I recognise that I’ll never be able to put this right, but it’s worth trying, because it is important to understand the world as it is. The truth is that the United States is an imperial power. Generally speaking, it does not give foreign nations free rides and it does not hand out unearned favours. There is however a lot of confusion here, because hardly anybody bothers to describe honestly the geopolitical strategy pursued by the United States or the nature of the American empire. Western liberalism cannot conceptualise imperial politics, and while empire generally benefits political elites on both sides of the Atlantic, it is not necessarily or always in the interests of ordinary Americans or ordinary Europeans, which is yet another reason not to talk about it.

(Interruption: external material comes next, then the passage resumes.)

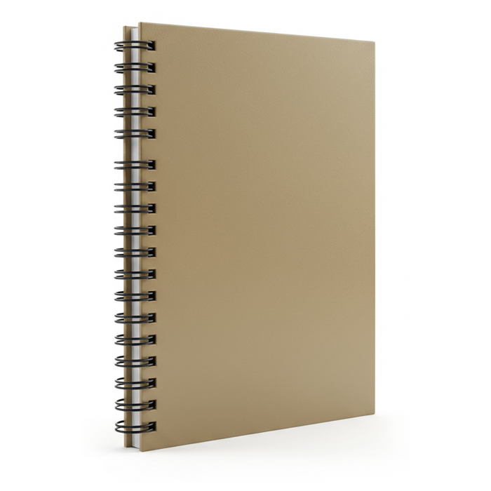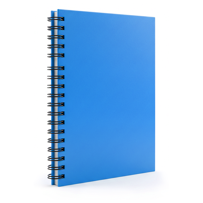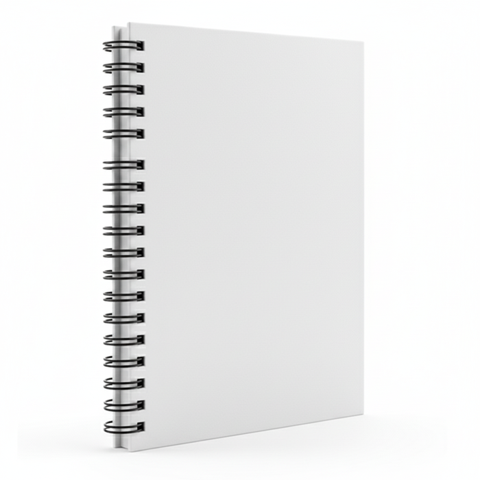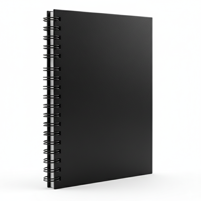 A Spiral-bound notebook provides flexibility and ease for writing or sketching on any page. It’s ideal for students, professionals, or artists on the go and can also be customized with a company logo, making it suitable for branded apparel, promotions, or merchandise lines.

The Americans and the British before them expended enormous effort to preempt the emergence of a dominant power on the European Continent that might challenge their successive naval empires. They fought two world wars to stop Germany from becoming just such a power. This great struggle ended in 1945 with Western Europe as a fully subjugated imperial province. Since then, the Americans have coordinated the NATO alliance and guaranteed the security of European countries not out of charity, but because Europe is their provincial possession. As a rule, they have not wanted Europe to assume full responsibility for its own defence, because a world in which America no longer guarantees the security of Europe is a world in which Europe is no longer an American province. It’s that simple.

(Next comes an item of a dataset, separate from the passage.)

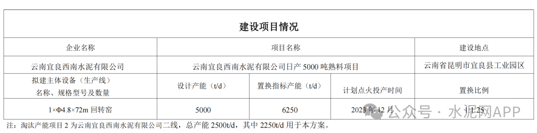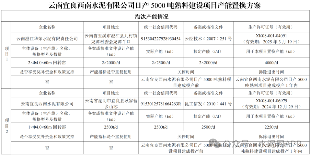 據(jù)此前發(fā)布的產(chǎn)能置換方案顯示,云南宜良西南水泥原計(jì)劃擬建一條5000t/d水泥熟料生產(chǎn)線,退出產(chǎn)能來自云南澄江華容水泥2*2000t/d,云南宜良西南水泥一條2500t/d(用于此項(xiàng)目2250t/d)。

To fend off the Soviets, the Americans nevertheless rebuilt and rearmed the nations of Western Europe. Everyone involved in this project had to come up with a way to allow the Germans to become a dominant economic power again, without displacing the United States or provoking the hostilities of wary postwar neighbours like France. One solution here was the European Union, which promoted economic interdependency as a counterweight to nationalist concerns. Another solution came at the cultural level, where Germany sought to allay European anxieties over possible Teutonic aggression by developing a national cult of historical guilt for World War II, which steadily blossomed into a full-blown civic religion. This exercise in self-effacement has grown more and not less extreme over time, in part as a response to nervousness about the consequences of German reunification. Many voices on the right like to portray Germans as victims of an externally imposed guilt regime, but the truth is that we did most of this to ourselves. The German left in particular has profited from and encouraged this mindset from the beginning.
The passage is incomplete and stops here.